British firm seeks security before Bihar operations
Cairn Energy Search Ltd seeked seek security for its officials before starting work in the state next month.india Updated: Jan 24, 2006 16:52 IST
Bihar's rising crime graph has got British oil and energy major Cairn worried, prompting it to seek security for its officials before starting work in the state next month.
Edinburgh-based Cairn Energy Search Ltd and its Indian concern, Cairn Petroleum India Ltd (CPIL), are ready to start oil exploration work from next month, a company official said.
"Our only condition is that the state government should take responsibility to provide security to our officials engaged in the work," said Rob Theriault, chief operating officer, of Cairn's Indian concern.
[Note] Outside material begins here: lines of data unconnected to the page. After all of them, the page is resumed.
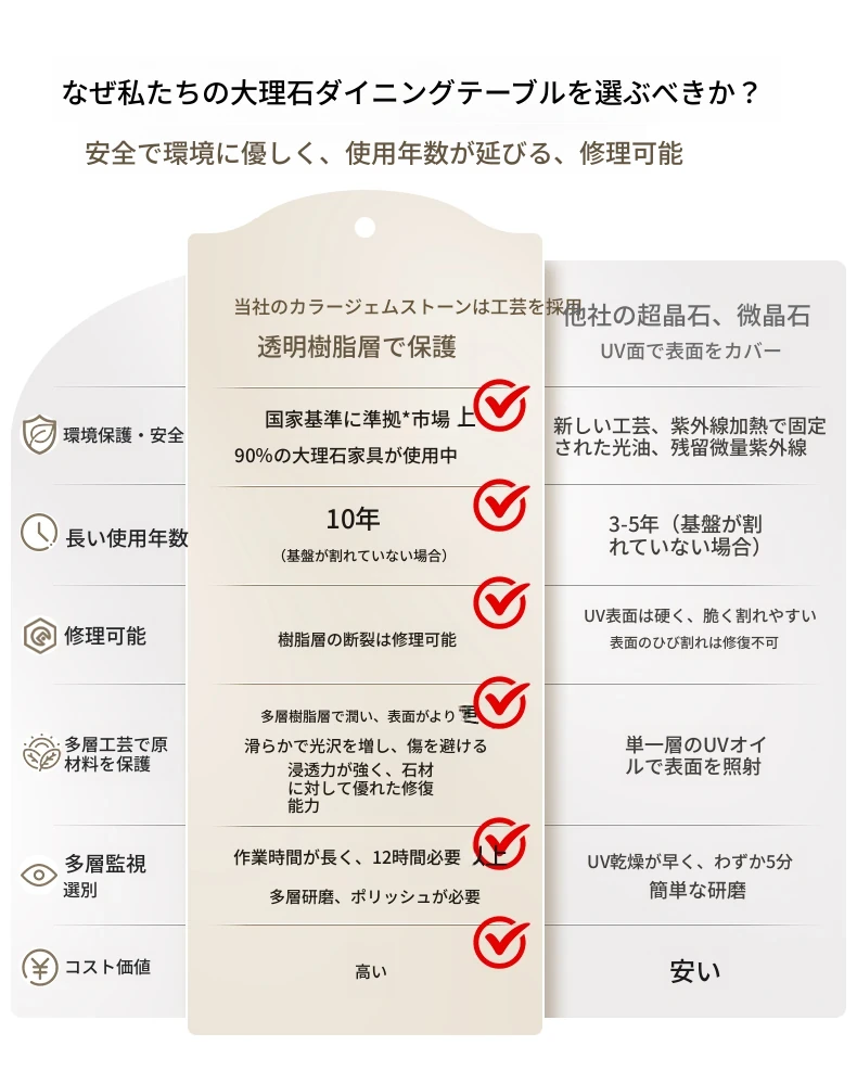 【ラグジュアリー石-天然カラージェムストーン+航空アルミフレーム】1.8*0.9m単品ダイニングテーブル
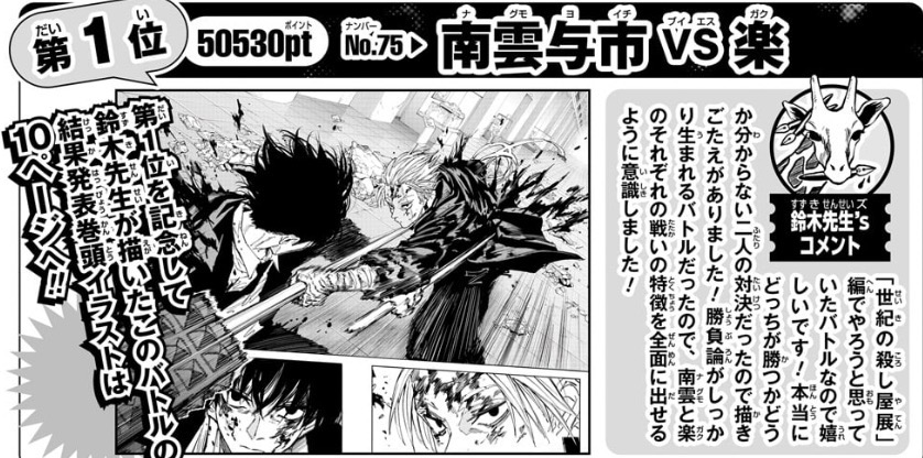 栄えある第1位は、世紀の殺し屋展編での南雲vs楽(50,530ポイント)
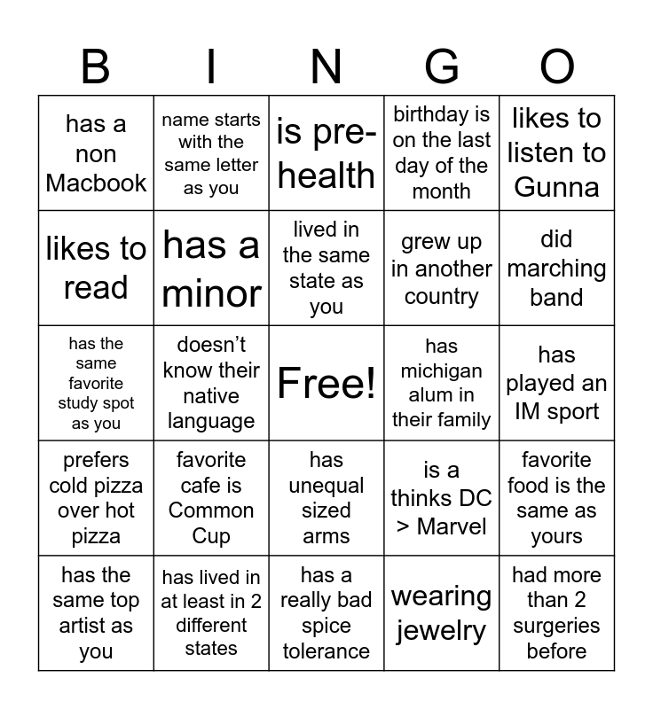 This bingo card has a free space and 66 words: the same number of siblings as you, is doing the same major as you, outfit is unique?, favorite food is the same as yours, favorite color is the same as yours, you haven’t met before, name starts with the same letter as you, same height as you, lived in the same state as you, enjoys league of legends, has unequal sized arms, hates animals, has played an IM sport, likes to listen to Gunna, did not watch the national championship, likes to read, doesn’t know their native language, has a non Macbook, major in CS, grew up in another country, favorite cafe is Common Cup, prefers cold pizza over hot pizza, birthday is on the last day of the month, birthday is on the first day of the month, has the same birthday month as you, has had braces before, has broken a bone before(whichever is more uncommon), likes country music, had more than 2 surgeries before, was born in the same year as you but are in a different grade, has the same top artist as you, outfit is monochromatic, has pet(s), can touch their toes, is a thinks DC > Marvel, has lived in at least in 2 different states, can play musical instrument(s), has the same favorite study spot as you, wearing jewelry, was/is in a harvest lg, has a minor, has less than 10 emails in their inbox, has michigan alum in their family, has visited 2+ continents, loves roller coasters, has burnt food while cooking before, did marching band, phone screen is cracked, still has their wisdom teeth, has never left the country, has gotten lost in the woods, is a twin or has twins in their family, has tried skydiving or bungee jumping, can juggle more than three items at once, has been to more than 4 Michigan football games this school year, has worked in food service, owns an Owala brand water bottle, would consider themselves good at cooking, is pre-health, has a really bad spice tolerance, showed up late to LG, wears contacts, Traveled out of country for the break, is left handed, is Non iphone user and First time at AIV.
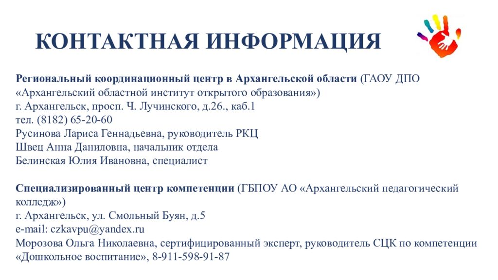 Региональный координационный центр в Архангельской области (ГАОУ ДПО «Архангельский областной институт открытого образования») г. Архангельск, просп. Ч. Лучинского, д.26., каб.1 тел. (8182) 65-20-60 Русинова Лариса Геннадьевна, руководитель РКЦ Швец Анна Даниловна, начальник отдела Белинская Юлия Ивановна, специалист Специализированный центр компетенции (ГБПОУ АО «Архангельский педагогический колледж») г. Архангельск, ул. Смольный Буян, д.5 e-mail : czkavpu@yandex.ru Морозова Ольга Николаевна, сертифицированный эксперт, руководитель СЦК по компетенции «Дошкольное воспитание», 8-911-598-91-87 КОНТАКТНАЯ ИНФОРМАЦИЯ

Top officials of the multinational are reportedly a little worried and frightened over the rising crime graph in the state and reports of poor law and order.
Their fears are not unfounded as last year two engineers of a reputed public sector company were abducted. Dozens of contractors, employees and officials with developmental projects are threatened with extortion by notorious gangsters and warned of dire consequences if the money is not coughed up.
However, Deputy Chief Minister Sushil Kumar Modi has assured Rob Theriault that the state government would provide security to its officials. Modi has directed top government officials to ensure that criminals do not obstruct the oil and gas exploration work.
Cairn Energy India Ltd announced it would go ahead with its first phase work on oil exploration.
"The work on the first phase would begin from February," Sunil Bharati, general manager of Ganga Valley CEIL said.
Bharati admitted that work was already delayed, as it was scheduled to start by October last year after the Bihar government granted it a licence for oil exploration.
In fact, the Centre had granted a licence in November 2004 but it was the state clearance that took more time. When the company finally got it in June, the monsoon season created problems.
The companies were given the licence to explore oil and gas in 12 districts spread over a 15,550 sq km area in the Gangetic basin or Purnea basin for the next seven years. The British company had shown interest in undertaking work for crude exploration in the state's Gangetic basin three years ago.
According to independent estimates, the Gangetic basin has around 465 million tonnes of crude and natural gas.